Exercise inputs =
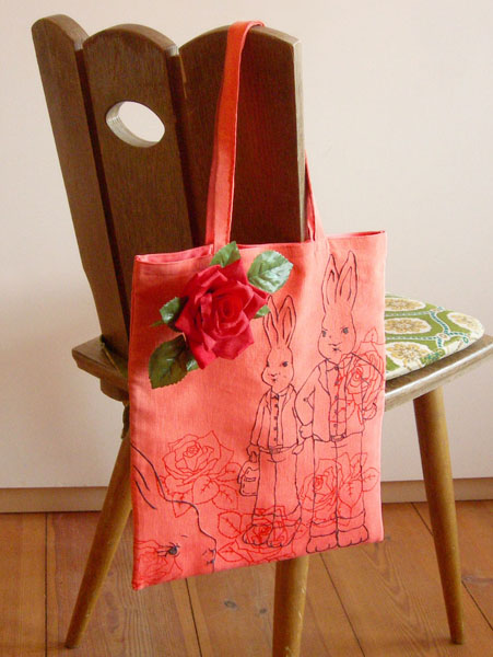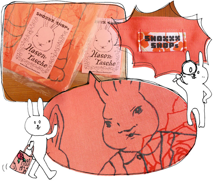 hand painting + Japanese Gocco print bag "Hasen Tasche" - 2007 -
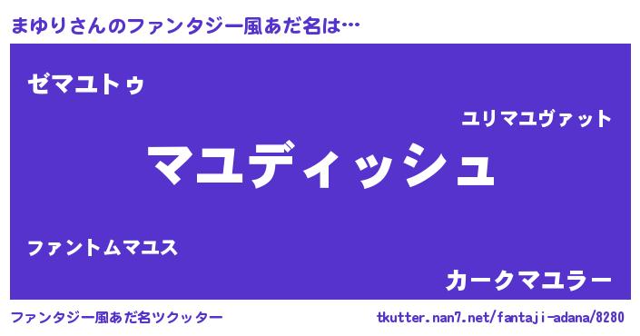 | ヘコむあだ名 | 『まゆり(苦笑)』『まゆっ子』『豆乳』 |
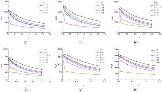 It can be seen from Figure 9c,d that when the width of the stainless steel tube b is 80 mm, the variation of the compression bearing capacity with relative eccentricity under different slenderness ratios is similar to that in Figure 8a,b. When the slenderness ratio is six, the relative eccentricity increases from 0 to 2, and the compression bearing capacity decreases by 54.46% and 54.56%, respectively. When the slenderness ratio is 48, the relative eccentricity increases from 0 to 2, and the compression bearing capacity decreases by 74.25% and 78.15%, respectively. Comparing Figure 8c,d, when the slenderness ratio is six and the relative eccentricity is one, the thickness of the stainless steel tube increases from 4 mm to 5 mm, and the compression bearing capacity increases by 18.18%. When the slenderness ratio is 48 and the relative eccentricity is one, the thickness of the stainless steel tube increases from 4 mm to 5 mm, and the compression bearing capacity increases by 17.44%.
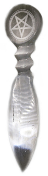 This selenite athames can be used the direct the high vibrational energy through your aura, to cleans, clear and purifying your energy and chakras.Selenite is wonderful to work with and may help with protection, good luck, keeping you calm and may infuse you with some joy! do not get wet as it will breakdown.10" selenite athame with a carved pentagram symbol on handle sizes and shapes may vary slightly and natural lines and inclusions may occur.From morocco.
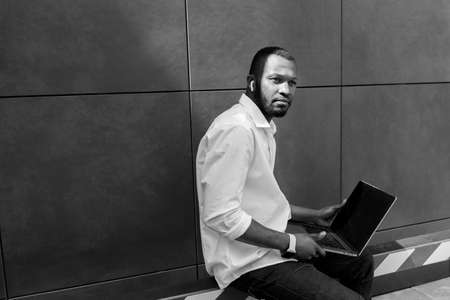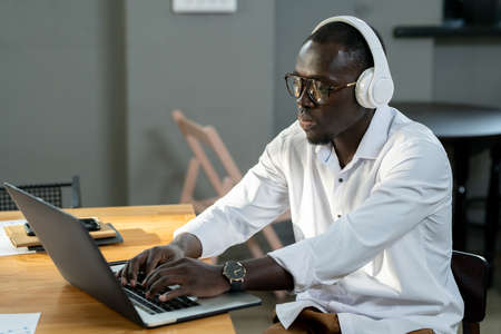 Young businessman of African ethnicity in white shirt and headphones using laptop
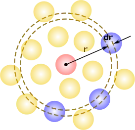 Проще говоря, это вероятность обнаружения частицы на расстоянии от выбранной частицы по сравнению с аналогичной вероятностью для идеального газа. Общий алгоритм включает определение того, сколько частиц (синие частицы, центры которых попадают в выбранную область) находится на расстоянии и (пунктирные линии) от выбранной частицы(оранжевая частица на картинке).
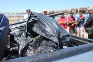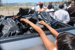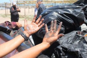 Encabezados por el alcalde Manuel Eduardo Toscano, brigadas de limpieza lograron retirar en las últimas horas 1.75 toneladas de residuos, una cifra que refleja la magnitud del problema, ya que el material contaminante sigue llegando a la costa.
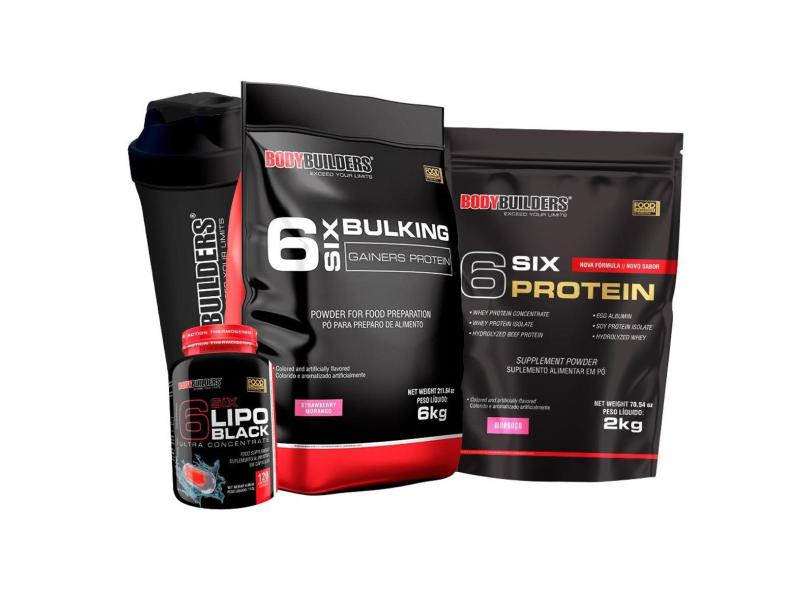 O menor preço encontrado no Brasil para SUPER KIT 6 Six Bulking 6kg + 6 Six Whey Protein 2kg + 6 Six Lipo Black 120 caps + Coq - BB-Unissex atualmente é R$ 199,40.
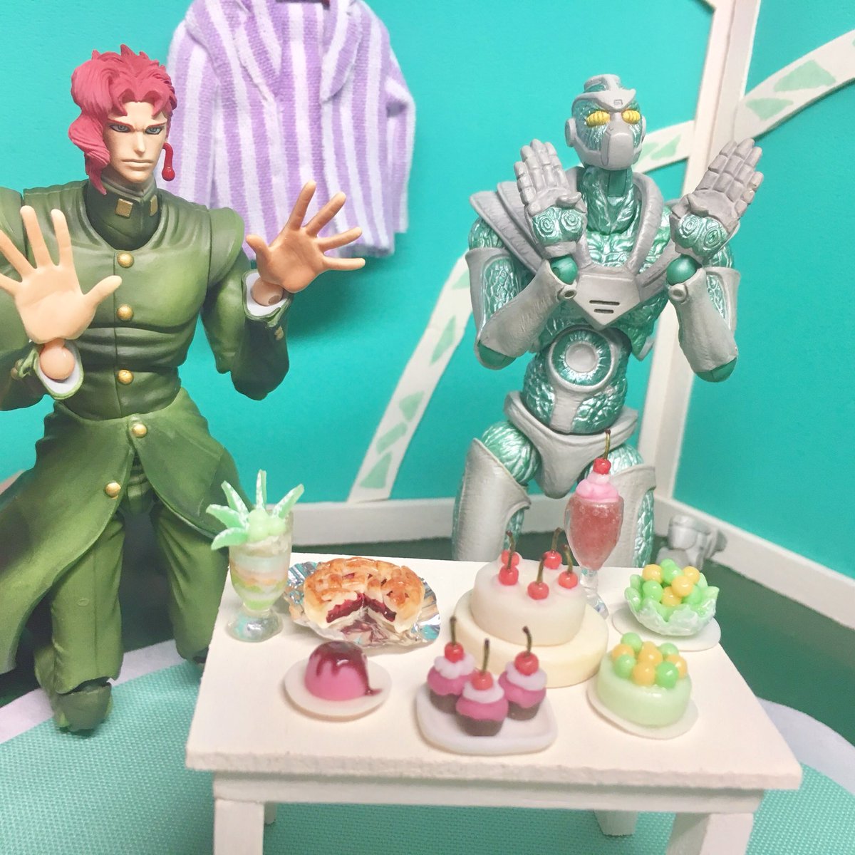 謎に今年気合い入れちゃって1か月間仕事から帰ってきて毎日2時間位制作して推しにプレゼントし続けた日々も終了🎁 推しと星座被りで勝手に喜んでます✨今日から何でもない日です 花京院まみれの1か月間🍒ありがとう💐 #ジョジョの奇妙なドールハウス #花京院典明生誕祭2021 #花京院典明誕生祭2021
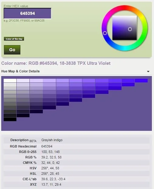 How to match Ultra Violet in RBG, CMYK, and other color models
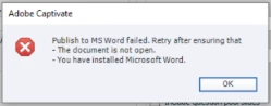 We are having a problem with our Adobe Captivate software, where it will no longer print project handouts, lessons, step-by-steps, and storyboards, because Captivate uses .DOC Word files as the template and we can no longer open that file type with our enterprise upgrade to Office 365. Even if we upgrade or replace the template files with .DOCX files, the Captivate application only allows the selection of .DOC files.

Exercise details =
Output each record precisely as it appears, and drop every picture.

Solution to the exercise =
 hand painting + Japanese Gocco print bag "Hasen Tasche" - 2007 -
 | ヘコむあだ名 | 『まゆり(苦笑)』『まゆっ子』『豆乳』 |
 It can be seen from Figure 9c,d that when the width of the stainless steel tube b is 80 mm, the variation of the compression bearing capacity with relative eccentricity under different slenderness ratios is similar to that in Figure 8a,b. When the slenderness ratio is six, the relative eccentricity increases from 0 to 2, and the compression bearing capacity decreases by 54.46% and 54.56%, respectively. When the slenderness ratio is 48, the relative eccentricity increases from 0 to 2, and the compression bearing capacity decreases by 74.25% and 78.15%, respectively. Comparing Figure 8c,d, when the slenderness ratio is six and the relative eccentricity is one, the thickness of the stainless steel tube increases from 4 mm to 5 mm, and the compression bearing capacity increases by 18.18%. When the slenderness ratio is 48 and the relative eccentricity is one, the thickness of the stainless steel tube increases from 4 mm to 5 mm, and the compression bearing capacity increases by 17.44%.
 This selenite athames can be used the direct the high vibrational energy through your aura, to cleans, clear and purifying your energy and chakras.Selenite is wonderful to work with and may help with protection, good luck, keeping you calm and may infuse you with some joy! do not get wet as it will breakdown.10" selenite athame with a carved pentagram symbol on handle sizes and shapes may vary slightly and natural lines and inclusions may occur.From morocco.
 Young businessman of African ethnicity in white shirt and headphones using laptop
 Проще говоря, это вероятность обнаружения частицы на расстоянии от выбранной частицы по сравнению с аналогичной вероятностью для идеального газа. Общий алгоритм включает определение того, сколько частиц (синие частицы, центры которых попадают в выбранную область) находится на расстоянии и (пунктирные линии) от выбранной частицы(оранжевая частица на картинке).
 Encabezados por el alcalde Manuel Eduardo Toscano, brigadas de limpieza lograron retirar en las últimas horas 1.75 toneladas de residuos, una cifra que refleja la magnitud del problema, ya que el material contaminante sigue llegando a la costa.
 O menor preço encontrado no Brasil para SUPER KIT 6 Six Bulking 6kg + 6 Six Whey Protein 2kg + 6 Six Lipo Black 120 caps + Coq - BB-Unissex atualmente é R$ 199,40.
 謎に今年気合い入れちゃって1か月間仕事から帰ってきて毎日2時間位制作して推しにプレゼントし続けた日々も終了🎁 推しと星座被りで勝手に喜んでます✨今日から何でもない日です 花京院まみれの1か月間🍒ありがとう💐 #ジョジョの奇妙なドールハウス #花京院典明生誕祭2021 #花京院典明誕生祭2021
 How to match Ultra Violet in RBG, CMYK, and other color models
 We are having a problem with our Adobe Captivate software, where it will no longer print project handouts, lessons, step-by-steps, and storyboards, because Captivate uses .DOC Word files as the template and we can no longer open that file type with our enterprise upgrade to Office 365. Even if we upgrade or replace the template files with .DOCX files, the Captivate application only allows the selection of .DOC files.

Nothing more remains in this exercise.